Hysterectomy @ 37 & terrified

Oh Lynda darling. I was worried about ya,

Then I thought I'd either replied wrong or deleted it lol anything is possible these days. 

Last thurs they said anything that was taken ( hysterectomy) was tested and it was all ok the plan is now to go forward with chemo as precaution. I can do chemo that I shouldn't loose my hair ( I'm not vain but loosing it would meant having to tell my kids aged 10.that would have been harder than any op I've done ) 

So start in two weeks maybe and we'll go from there 

Oh darling sounds like you've been really going through it since we spoke. 

These ops are enough ... and awful But all the same time necessary although it doesn't make it any easier. 

Day by day is all we can do. 

But kind to u do something nice .. food / treat / anything u feel is a treat..

I'm thinking and praying 

All will go well, keep in touch xx 

Hi, Del!

So god to hear from you.  I am glad the biopsy results after your surgery were good.  It's a good idea to have chemo just in case.  My uterine cancer was staged at 1a.

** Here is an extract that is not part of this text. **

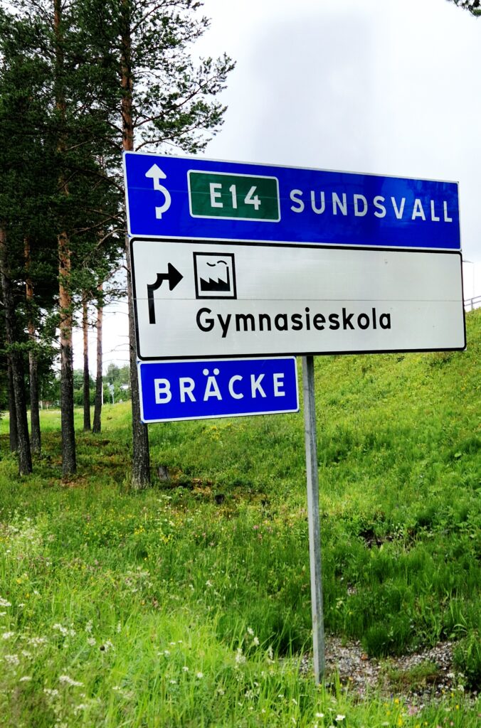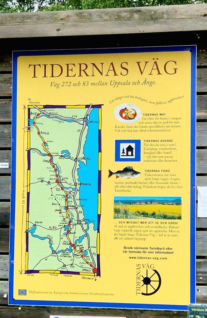 På en stor skylt ser vi information om ”Tidernas väg”. Det är en tematisk turistväg genom norra Sverige. Längs vägen möter resenären även skogar, sjöar och naturområden som inbjuder till kortare promenader, vandringar och pauser i inlandets stillsamma landskap. Tidernas väg passerar dessutom kulturella och historiska platser såsom kyrkor, byar och Ånge järnvägsmuseum, vilket ger möjlighet att uppleva både natur och kultur under samma resa.
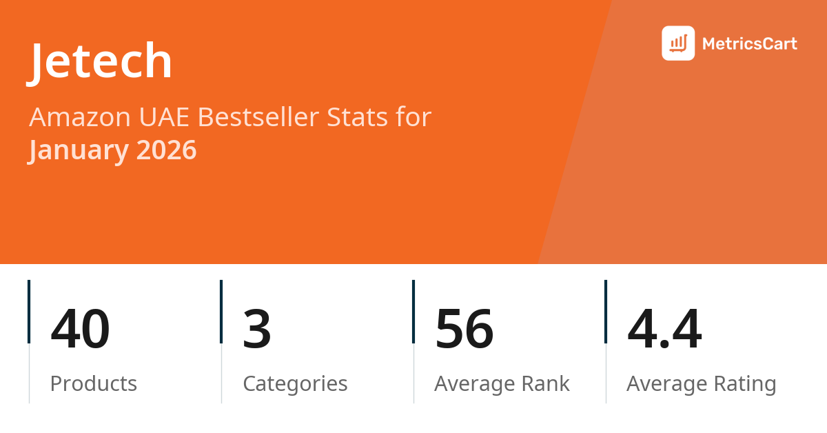 In January 2026, Jetech appeared on Amazon UAE's bestseller lists with 40 unique products across 3 categories. These products appeared in categories including Mobile Phones & Communication Products, Computers, and Electronics. The brand's products on the bestseller lists were priced between AED 25.48 and AED 58.64, with an average price of AED 37.05. These bestselling products maintained an average rating of 4.4 based on 1.5M total ratings from customers who purchased products that appeared on the bestseller lists.

In the US, the guidelines state that the best thing to do is nothing.  No chemo afterwards.  So a year later, the microscopic cancer cells that remained caused the tumor in my abdomen and made their way to my lymph nodes.  

I did chemo first, hoping that the tumor would shrink and the lymph nodes as well.  Unfortunately, they didn't shrink as much as my MD thought they would.  So having surgery on 2/13.  My husband has caught a cold.  So I'm here in the house, taking every precaution I can not to get it.  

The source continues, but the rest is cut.